The maximum pressure campaign against North Korea that U.S. President Donald Trump launched in 2017 worked to bring Kim Jong Un to the negotiating table, a former adviser to the 2016 Trump campaign said Wednesday.
United Press International reports in its article Trump's 'maximum pressure' on North Korea worked, analyst says that Ed Feulner, founder of The Heritage Foundation, said at the Global Peace Foundation's International Forum on One Korea in Washington, the "significant diplomatic breakthrough" between the United States and North Korea was the direct result of a Trump-led international pressure campaign. "Who could have imagined the president of the United States and the chairman of [North Korea] could actually meet in a neutral country, third country, and end up in face-to-face discussions, negotiations and hopefully some agreement principles?" Feulner said.
The Singapore summit and what followed has been an opportunity for the United States and South Korea to promote lasting "peace, freedom and reunification of the Korean Peninsula," while keeping a common objective of denuclearization at the top of the agenda.
Trump and Kim "surprised the world by sharing and demonstrating a common personal understanding of what must take place for the transformation in the US-[North Korea] relationship."

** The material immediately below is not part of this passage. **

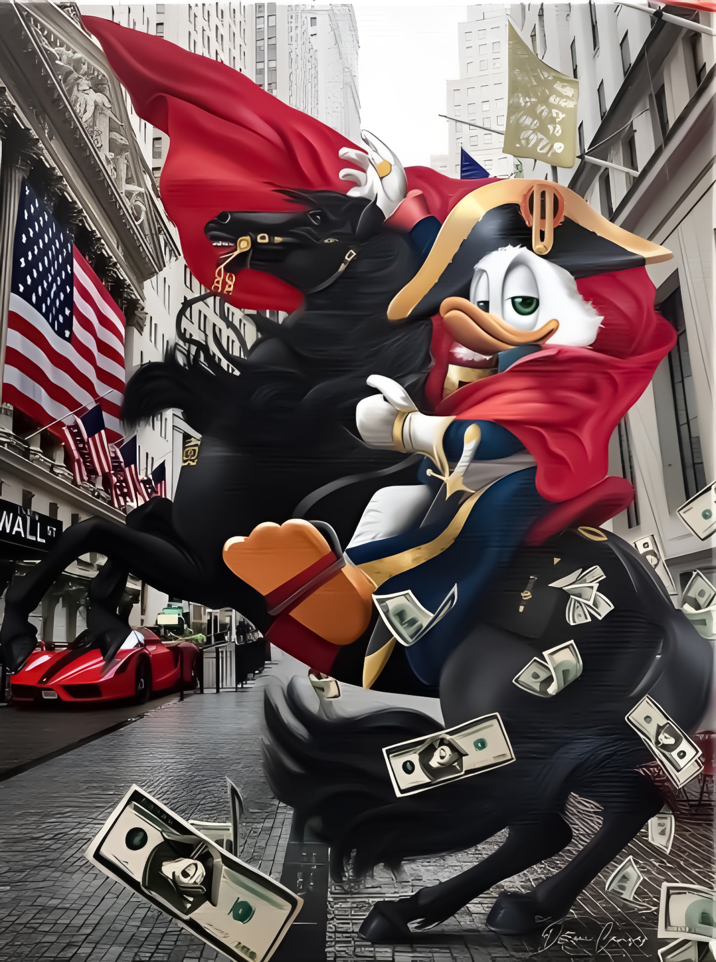Donald Duck on Horseback with Money — Bold Pop Culture Sculpture

Feulner said he met with Trump and his senior advisers after the historic summit. The president has promised better prospects for North Korea on the condition the regime gives up its nuclear weapons in a manner that can be verified.
"The United States will be at the forefront of facilitating that brighter future," Feulner said. Hyun Jin Preston Moon, chairman of the Global Peace Foundation, expressed skepticism about North Korea's intentions, however.

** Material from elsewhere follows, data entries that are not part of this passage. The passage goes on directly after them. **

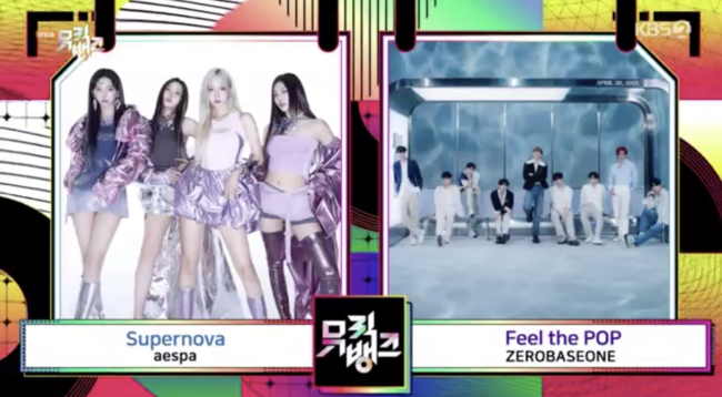 24일 방송된 KBS2 '뮤직뱅크' 5월 넷째주 1위 후보에는 에스파의 'Supernova'와 제로베이스원의 'Feel the POP'이 후보로 올랐다.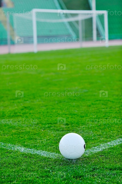 Белый мяч на траве футбольного поля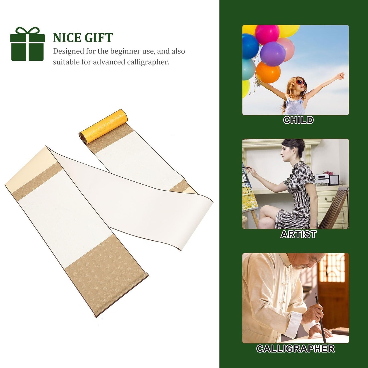 【美しいデザイン】書画用巻物は初心者用に設計されており、上級書家にも適しています。吊り下げ式のデザインにより、お部屋のインテリアとしてもお楽しみいただけます。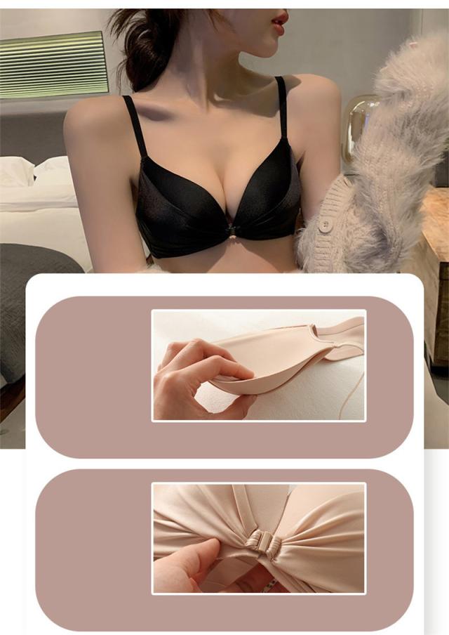 ショーツセット レディース 前開け ブラジャー ノンワイヤー ブラセット 美胸 ブラショーツセット 谷間 下着 女性 上下セット

Speaking at the forum Wednesday, Moon said North Korea was becoming increasingly isolated when a welcome reversal of fortune thrust Kim to the world stage after the 2018 Pyeongchang Winter Olympics.

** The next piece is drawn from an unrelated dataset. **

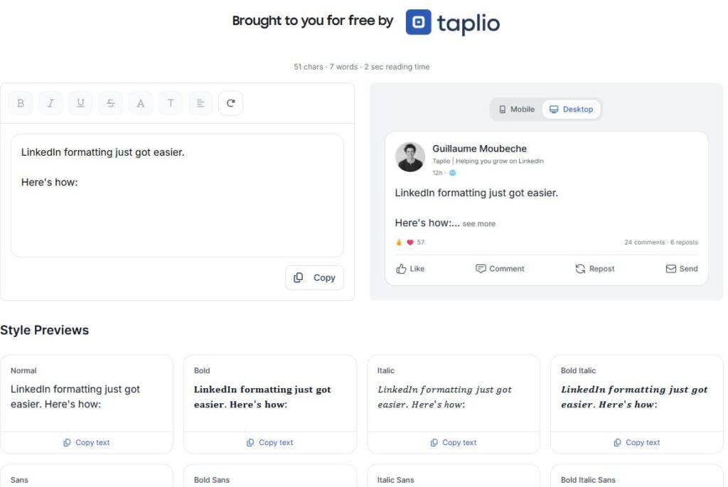 Taplio formatter works almost the same way as the previous LinkedIn text formatter tools. Paste your text, pick a style, and preview how it’ll look before posting.

Kim, who was at the center of global condemnation, received an image makeover, thanks to the pro-engagement policy of South Korean President Moon Jae-in, a "willing partner" prepared to take "extraordinary steps" to coordinate policy that eventually culminated in the U.S.-North Korea summit.
Kim's father and grandfather dreamed of having bilateral talks with the United States that would give North Korea "international legitimacy especially after the fall of the Soviet Empire," Hyun Jin Preston Moon said. "Kim Jong Un has turned a potential disaster into a personal triumph," he added.